The double-crush syndrome was initially described by Upton and McComas in 19733. They postulated that nonsymptomatic impairment of axoplasmic flow at more than one site along a nerve might summate to cause a symptomatic neuropathy. This was suggested by their clinical observation that the majority of their patients had a median or ulnar neuropathy associated with evidence of cervicothoracic root lesions. They also hypothesized that one of the constraints on axoplasmic flow could be a metabolic neuropathy, and this is supported by the high association of diabetes and carpal tunnel syndrome. Other researchers have since reported series of patients supporting the frequent association of a proximal and distal nerve compression syndrome, including carpal tunnel syndrome associated with cervical radiculopathy, brachial plexus compression, and diabetic neuropathy. Subsequently, MacKinnon and Dellon have expanded the description of this syndrome to include a) multiple anatomic regions along a peripheral nerve, b) multiple anatomic structures across a peripheral nerve within an anatomic region, c) superimposed on a neuropathy, and d) combinations of the above4.

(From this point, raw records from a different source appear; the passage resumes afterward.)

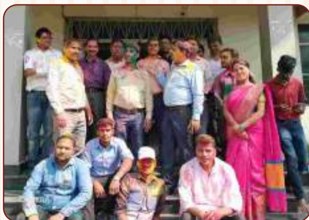
Principal, Staffs & Students during Holi Milan Samaroh
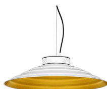
1: RAL9010 Pure White textured 30: Golden
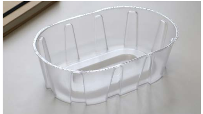
PETG Food container made with the Mayku Multiplier.
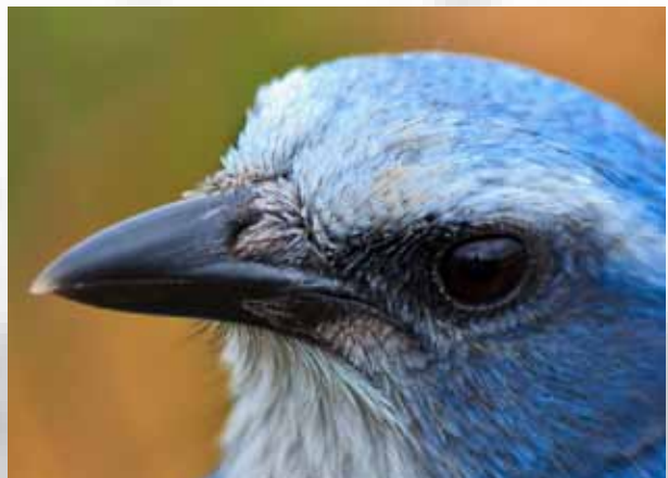
Florida Scrub-Jay.
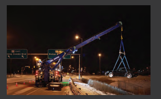
Porsche Off Road Recovery
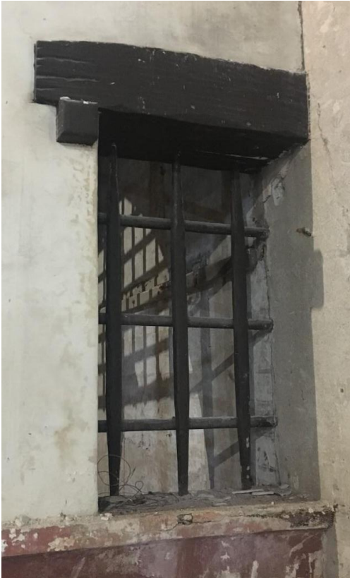
Honed wood bars in theater space
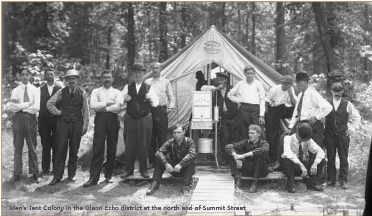
Men's Tent Colony in the Glenn Echo district at the north end of Summit Street
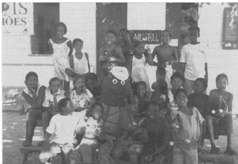
Plate 1 Mini-guides course. Through theatre presentations with a turtle character, the children taking the course learn about biology and conservation of sea turtles.

might occur. There are, so far, no records of turtles being disturbed in this way. Despite the fact that the beach is 14 km long, most tourists remain within a 2-km stretch, near the village. Resorts and houses have been constructed in such a way as to minimize their impact on turtles; for instance, beachfront illumination has been minimized and nearby lights have been screened, as recently recommended by Witherington & Martin (1996). In effect, there is little conflict between the needs of the turtles and the needs of the tourists.
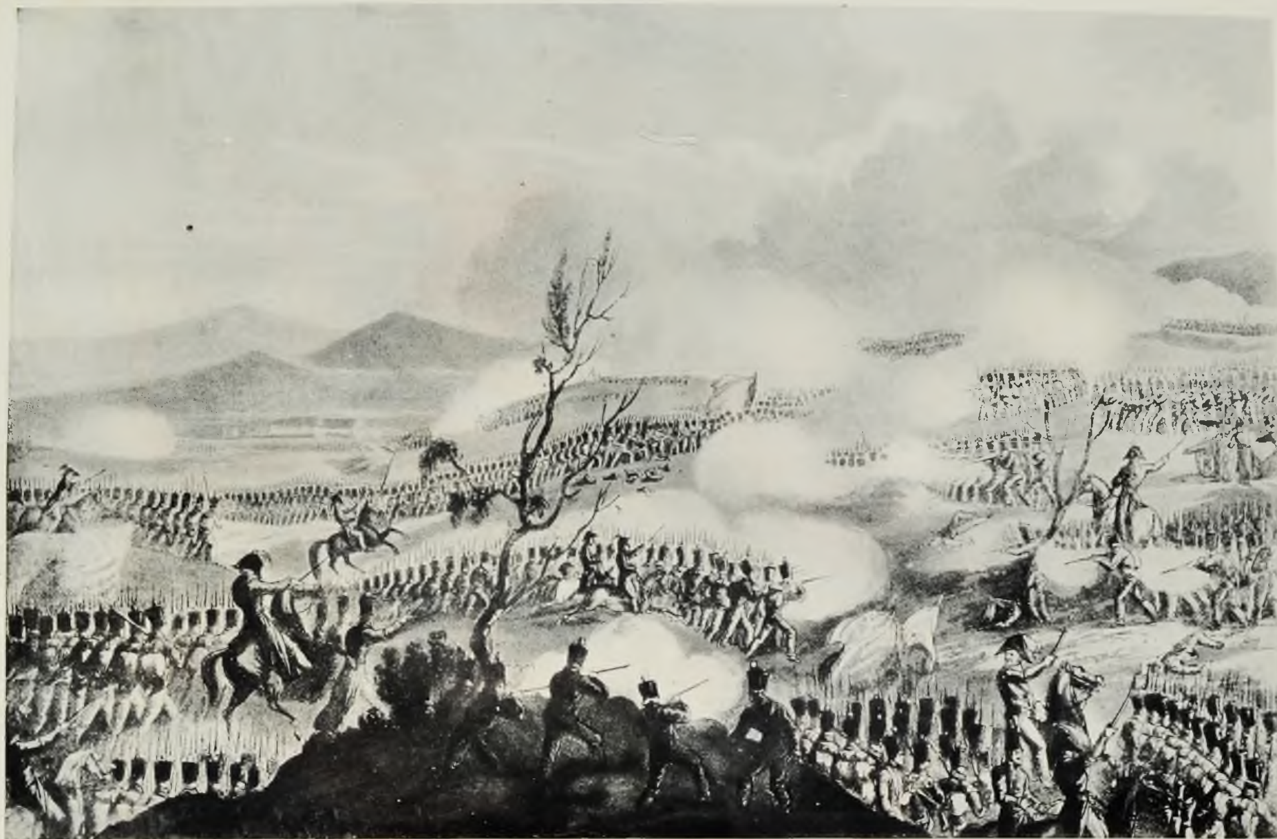
BATTLE OF NIVELLE, NOVEMBER 10, 1813 By T. Sutherland, after W. Heath

It is known that diabetic patients are at risk for developing cellulites. Cellulitis manifests itself as swelling, redness, pain, and/or warmth. Our diabetic patient did not show any clinical sign of cellulitis or a laboratory finding pointing to an inflammatory process in the organism and it did not come to mind as a possible cause of foot drop. Diabetic patients are also at risk for strokes. The first impression was that it could be a complication of a developing stroke or the result of nerve compression in bed. The third possible cause of foot drop, tendon rupture, was unlikely since no traumatic event was reported. In addition to that, the patient had no history of muscle or neuromuscular disease. MRI revealed acute soft tissue changes around the left ankle and 3-phase bone scan showed increased flow throughout the entire left leg, ankle and foot without any discrete focal intense abnormal areas of uptake which would point to osteomyelitis. The findings were more compatible with cellulitis. Thanks to these two diagnostic investigations the cause was exposed.
Conclusions
Foot drop is a deceptively simple name for a potentially complex problem. In a diabetic patient with neuropathy and in the absence of trauma it can be a complication of a smoldering cellulitis in the leg or around the ankle. In such a case, MRI and 3-phase bone scan are the necessary diagnostic methods to exclude osteomyelitis and confirm cellulitis.